Глава 4. Ливень приходит на помощь

Прошло-то всего ничего, несчастные две с половиной шестидневки, а так много изменилось. Кстати, и счет шестидневкам начинаешь терять, когда приходится работать без выходных.

Установилась настоящая летняя жара. На небе ни облачка, солнце палит по полной. Кругом поля и поля, не паханные ни разу за свою долгую жизнь. Среди них куцыми островками разбросаны маленькие скопления деревьев, где тщетно ищешь спасительную прохладу.

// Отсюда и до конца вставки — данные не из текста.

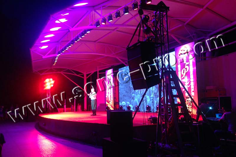 该项目主扩音箱采用8只高精度线性阵列扬声器系统LA系列线性阵列音箱(LA-210),LA系列音箱采用内置分频方式,经过严谨的调试,能充分有效的发挥音箱本身特点,箱体采用高强度桦木夹板,表面采用特殊材料喷涂制作,音箱上装备精密的铝合金吊挂系统,音箱与音箱之间的连接角度可通过吊装件来调节,采用最新人体工程学和机械设计,使整个系统安装快捷及保证了安全。TZ系列同轴音箱(TZ-18)、SUB系列超低音箱(SUB-218)、TB系列音箱(TB-15)作为辅助扩声以及舞台返听音箱。功率放大器采用节能环保的TD系列(TD-400、TD-800)和具有国家专利设计的MA系列(MA-210K)。搭配MX系列调音台(MX24C)、音频矩阵处理器(MATRIX408)、均衡器(AC03)、音频隔离器(GL-202)、电源时序器(CS-10)、天线放大器(UHF-5000T)、无线手持/头戴话筒(UHF-5000)、立杆话筒(TL508)等设备。

Зарубин прикрыл глаза, и перед ним закрутились, словно в водовороте, картинки последних дней. Ровные отесанные столбы, каждый высотой аж в целых семь метров, сгруженные под сооруженным из брезента навесом и отдыхающие там в ожидании своей дальнейшей судьбы. Правда, природа, похоже, забыла о существовании дождей, но недаром в народе говорят, что береженого бог бережет, так что навес не помешает. Столбы сменяются калейдоскопом из кидающих землю вверх и в стороны лопат, заступов и хитрого приспособления, называемого ручным буром. Его привез с собой Палыч, прикрепленный к бригаде мастер, единственный, кто разбирается в опорах, проводах, изоляторах, киловаттах, а потому ставший на строительстве объекта с романтически звучащим названием ЛЭП царем и богом.

Все-таки много интересного на свете! Сейчас вся бригада, даже Люся, которая и здесь занята своим обычным делом – завтраками, обедами и ужинами, знает, что ямы под опоры надо копать ступенчатой формы, иначе эту громадину потом и не установишь. Она, чертовка эдакая, то и дело норовит выскользнуть своими гладкими боками из-под власти опутывающих канатов и направляющих их рук. Сами опоры располагаются друг от друга на расстоянии в пятьдесят метров. И стоять они должны ровно и надежно, чтоб не рухнуть и не накрениться под напором ветра или норовящих размыть землю осенних дождей. До постройки будущей ГРЭС – это единственная ниточка, по которой побежит на строительство долгожданный электрический ток. Правда, проводов на опорах пока нет, их натянут мастера-электрики уже после того, как первая бригада покинет трассу. Обидно, конечно, не увидеть своими глазами тот итог, ради которого они сейчас напрягают свои силы с утра и до позднего вечера. Но и обида эта, и все остальное меркнут при мыслях о Ревмире.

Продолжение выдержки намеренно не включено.